What to know and how to avoid


them
Cheating
• Cheating is any attempt at passing off a paper
(or parts of a paper) written by another
student or person as your own work.
• Cheating generally involves colluding with
another student or another person.
• Keep in mind this paper is your own work. Any
effort to cheat will be rewarded with a zero on
your paper.
Examples of Cheating
• Paying someone to write a paper for you.
• Using a paper written by a former student.
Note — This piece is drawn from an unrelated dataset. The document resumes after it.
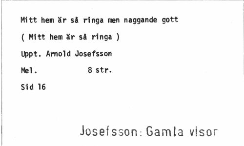 //// Mitt hem är så ringa men naggande gott ( Mitt hem är så ringa ) Uppt. Arnold Josefsson Mel. 8 str. //// Sid 16 //// Josefsson: Gamla visor ////
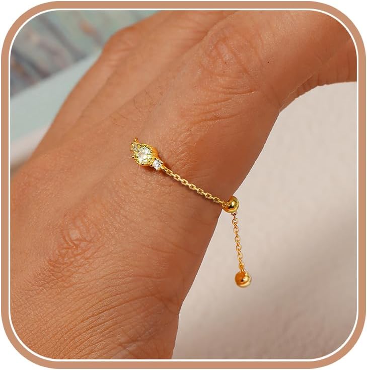 CZ Link Chain Ring for Women, 925 Sterling Silver Adjustable Band Birthstone Stacking Tassel Dangling Statement Rings with Dangle Beaded Ball Dainty Promise Chain Ring Birthday Wedding Jewelry Holiday Gifts

• Working with other students to reword
paragraphs in an effort to turn one paper into
several papers (Canvas has partnered with
turnitin.com. This site will detect such an
effort).
Plagiarism
• Any effort to pass off a published work of any
form as your own work.
• Most plagiarism comes from a failure to
properly cite information pulled from online
or text sources.
Important Citation Information
• Always be sure to cite information that you
are using. When in doubt, CITE!
• If you ever take information from another
source, even if it is not a direct quote, you
MUST cite where you got the information!
Direct Quotes
• Any time you use a word-for-word sentence
from another source (copy and paste) you
must include the text with quotation marks
and cite where it came from.
Example
• The following was written in a story by Gallup
Poll:
– far fewer Americans, 14%, see North Korea as the
United States’ greatest enemy than the 51% who
did a year ago.
• In order to use this it must be properly cited.
Example
• A student would need to write the following:
• “[…] far fewer Americans, 14%, see North Korea as the
United States’ greatest enemy than the 51% who did a year
ago.” (Reinhart 2019)
• Reinhart, R.J. 2019. “Far Fewer Americans See North Korea
as Greatest U.S. Enemy.” Gallup.
•You can use word-to-word quotes from online
or text sources but they must always be
accompanied with the citation and quotation
marks.
Paraphrase
• If you use information from a source, but you
alter the wording so that they are now your
own words, you no longer need to put
quotation marks around the statement.
However, you still need to cite.
Example
• Lets look at the Gallup example once again:
• Gallup wrote:
• far fewer Americans, 14%, see North Korea as the United
States’ greatest enemy than the 51% who did a year ago.
• A student wrote:
• Many Americans no longer view North Korea as the United
States’ greatest enemy. Only 14% still feel North Korea is
the greatest enemy of the U.S. (Reinhardt 2019)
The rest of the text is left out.